WHAT IS REQUIRED: Copy the entries word for word. Keep the pictures out.
EXERCISE INPUTS START
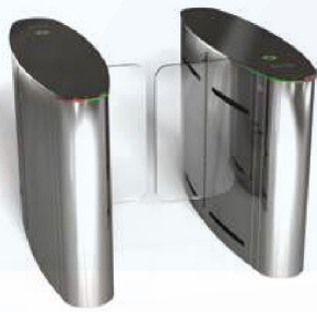
RT LTOP 201

מעברים מהירים מתאימים לכניסות מבוקרות כגון: מוסדי ממשלה, מוסדות אקדמאים, קנטרי, חדרי כושר ובמקומות המעוניינים בתנועה מבוקרת.
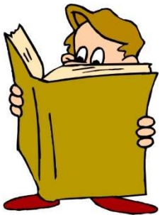
leer un libro
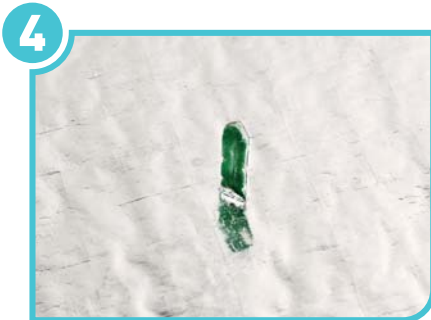
4 Stick the isolation material into the PRATİK PİM with the folio side on top.
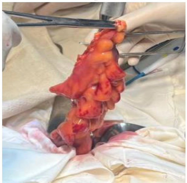
Рис. 6. Мобилизованная сигмовидная кишка резецируется с двух сторон.
EXERCISE INPUTS END
ANSWER:
RT LTOP 201

מעברים מהירים מתאימים לכניסות מבוקרות כגון: מוסדי ממשלה, מוסדות אקדמאים, קנטרי, חדרי כושר ובמקומות המעוניינים בתנועה מבוקרת.
leer un libro
4 Stick the isolation material into the PRATİK PİM with the folio side on top.
Рис. 6. Мобилизованная сигмовидная кишка резецируется с двух сторон.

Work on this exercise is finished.